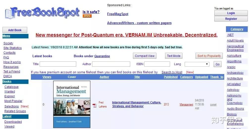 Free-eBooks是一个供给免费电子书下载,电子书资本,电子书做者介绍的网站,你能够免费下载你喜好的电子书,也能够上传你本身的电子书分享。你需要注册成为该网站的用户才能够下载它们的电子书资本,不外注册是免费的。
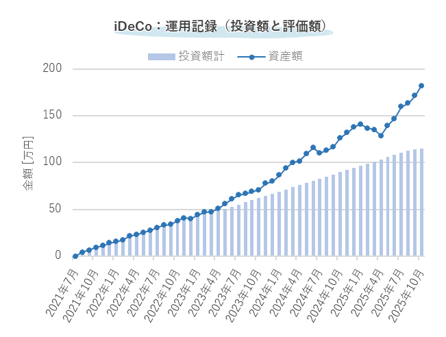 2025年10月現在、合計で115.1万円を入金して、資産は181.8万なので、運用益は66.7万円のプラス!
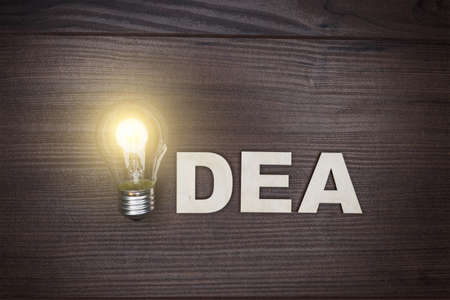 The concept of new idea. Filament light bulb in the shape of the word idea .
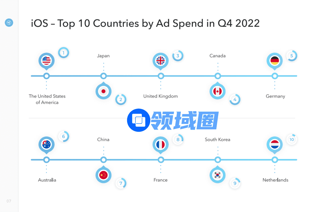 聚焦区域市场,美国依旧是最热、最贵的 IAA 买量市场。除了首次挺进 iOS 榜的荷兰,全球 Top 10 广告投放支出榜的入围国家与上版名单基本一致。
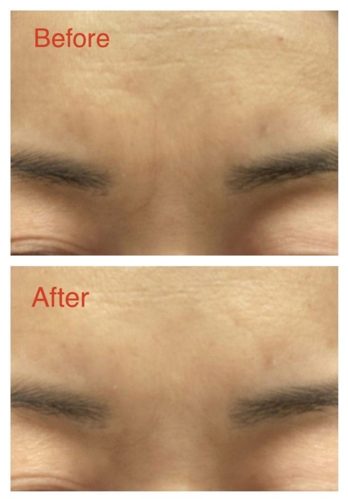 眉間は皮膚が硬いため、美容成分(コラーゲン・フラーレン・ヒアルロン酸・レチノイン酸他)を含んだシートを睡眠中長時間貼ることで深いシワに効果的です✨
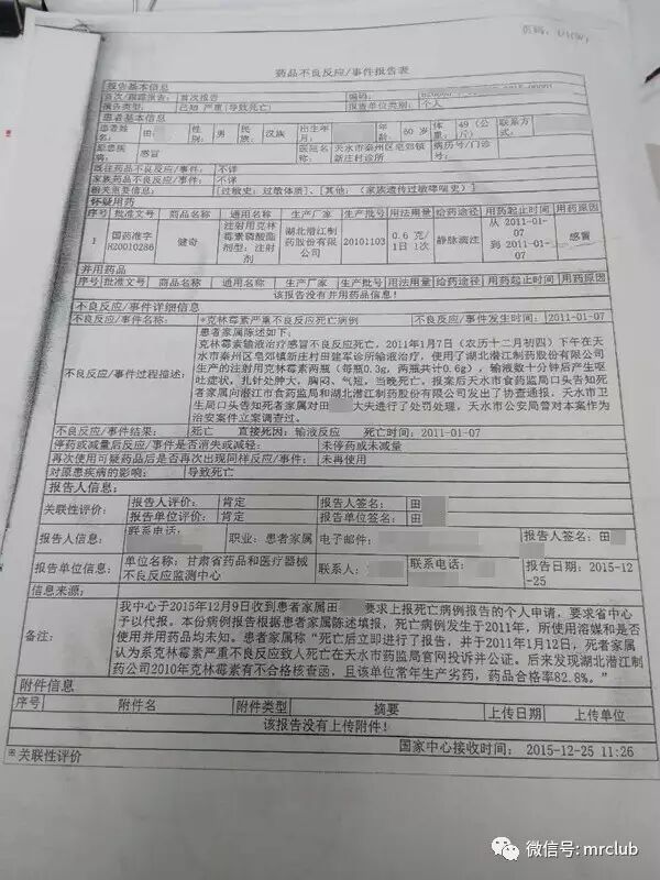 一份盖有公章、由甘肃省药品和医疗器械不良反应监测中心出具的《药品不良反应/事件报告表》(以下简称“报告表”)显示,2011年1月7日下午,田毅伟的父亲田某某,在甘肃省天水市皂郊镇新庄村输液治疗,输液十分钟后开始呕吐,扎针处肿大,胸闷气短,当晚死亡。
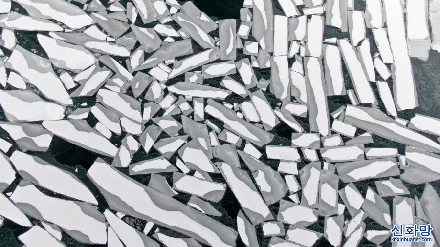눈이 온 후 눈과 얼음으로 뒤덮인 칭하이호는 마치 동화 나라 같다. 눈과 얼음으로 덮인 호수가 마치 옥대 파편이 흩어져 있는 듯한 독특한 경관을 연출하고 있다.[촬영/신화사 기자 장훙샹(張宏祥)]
...
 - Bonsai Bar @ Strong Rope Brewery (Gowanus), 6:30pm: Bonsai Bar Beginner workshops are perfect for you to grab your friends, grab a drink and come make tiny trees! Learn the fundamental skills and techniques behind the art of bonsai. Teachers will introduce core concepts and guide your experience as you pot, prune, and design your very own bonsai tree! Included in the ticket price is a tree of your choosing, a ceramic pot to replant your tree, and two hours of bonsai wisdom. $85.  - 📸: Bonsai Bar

# [Exercise]
Transcribe, word for word, the lines of the listing above from the one that contains "Free-eBooks是一个" through the one that contains "눈이 온 후 눈과 얼음으로", keeping both ends and dropping the pictures.

# [Solved problem]
 Free-eBooks是一个供给免费电子书下载,电子书资本,电子书做者介绍的网站,你能够免费下载你喜好的电子书,也能够上传你本身的电子书分享。你需要注册成为该网站的用户才能够下载它们的电子书资本,不外注册是免费的。
 2025年10月現在、合計で115.1万円を入金して、資産は181.8万なので、運用益は66.7万円のプラス!
 The concept of new idea. Filament light bulb in the shape of the word idea .
 聚焦区域市场,美国依旧是最热、最贵的 IAA 买量市场。除了首次挺进 iOS 榜的荷兰,全球 Top 10 广告投放支出榜的入围国家与上版名单基本一致。
 眉間は皮膚が硬いため、美容成分(コラーゲン・フラーレン・ヒアルロン酸・レチノイン酸他)を含んだシートを睡眠中長時間貼ることで深いシワに効果的です✨
 一份盖有公章、由甘肃省药品和医疗器械不良反应监测中心出具的《药品不良反应/事件报告表》(以下简称“报告表”)显示,2011年1月7日下午,田毅伟的父亲田某某,在甘肃省天水市皂郊镇新庄村输液治疗,输液十分钟后开始呕吐,扎针处肿大,胸闷气短,当晚死亡。
눈이 온 후 눈과 얼음으로 뒤덮인 칭하이호는 마치 동화 나라 같다. 눈과 얼음으로 덮인 호수가 마치 옥대 파편이 흩어져 있는 듯한 독특한 경관을 연출하고 있다.[촬영/신화사 기자 장훙샹(張宏祥)]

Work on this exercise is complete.